Speaker: Christopher Davies (Cardiff University School of Mathematics)

Title: Evolution of disturbance wavepackets in an oscillatory Stokes layer

Abstract: Numerical simulation results are presented for the evolution of disturbances in a flat Stokes layer. The response to a spatially localised impulsive forcing is investigated and it is found that the spatial-temporal development of linearized disturbances displays an intriguing family tree-like structure. This involves the birth of successive generations of distinct wavepacket components. It is shown that some important features of the disturbance behaviour can be predicted using the results of a linear stability analysis based on Floquet theory. The ramifications of the simulation results are also discussed with regard to the interpretation of observations obtained from physical experiments.

11th June 2013

Speaker: Greg King (Population and Conservation Genetics Group, Instituto Gulbenkian de Ciência Oeiras, Portugal)

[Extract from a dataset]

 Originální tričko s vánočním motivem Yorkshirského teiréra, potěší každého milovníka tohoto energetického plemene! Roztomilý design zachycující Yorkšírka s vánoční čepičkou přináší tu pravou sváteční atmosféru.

Title: The energy cascade in the atmospheric mesoscales at the bottom of the marine boundary layer: Is it upscale? Downscale? Or is nature not so simple?

Abstract: A long-standing question in atmospheric dynamics has been: Is horizontal kinetic energy transferred to small scales through a downscale cascade as in ideal three-dimensional (3D) turbulence? Or is it transferred to large scales via a two-dimensional (2D) inverse cascade?

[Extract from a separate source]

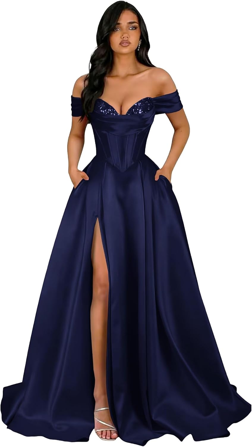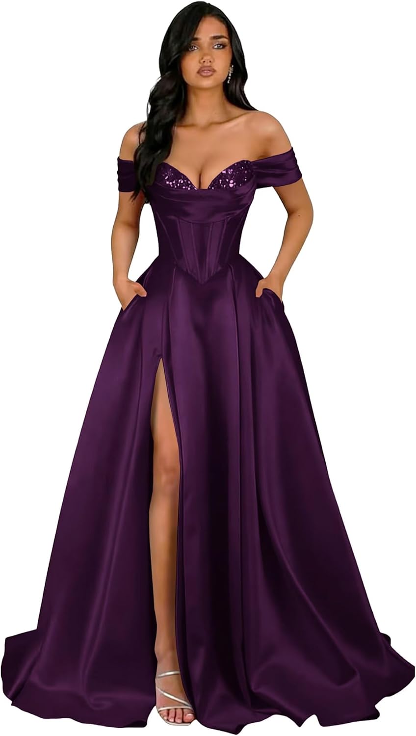 | Fabric Type | Long Sequin Satin Off the Shoulder Slit A Line Prom Dress with Pockets |

The classic papers by Nastrom et al (1984, 1985) and more recent papers by Lindborg (1999) and Cho and Lindborg (2001) have addressed this question through an analysis of global datasets of winds near the tropopause measured by instruments carried on commercial aircraft. Here we use winds at the bottom of the marine boundary layer inferred from radar backscatter from the ocean surface measured by the Advanced Scatterometer (ASCAT) on the MetOp-A satellite and the SeaWinds scatterometer on the QuikSCAT satellite. Our results indicate that nature is not so simple.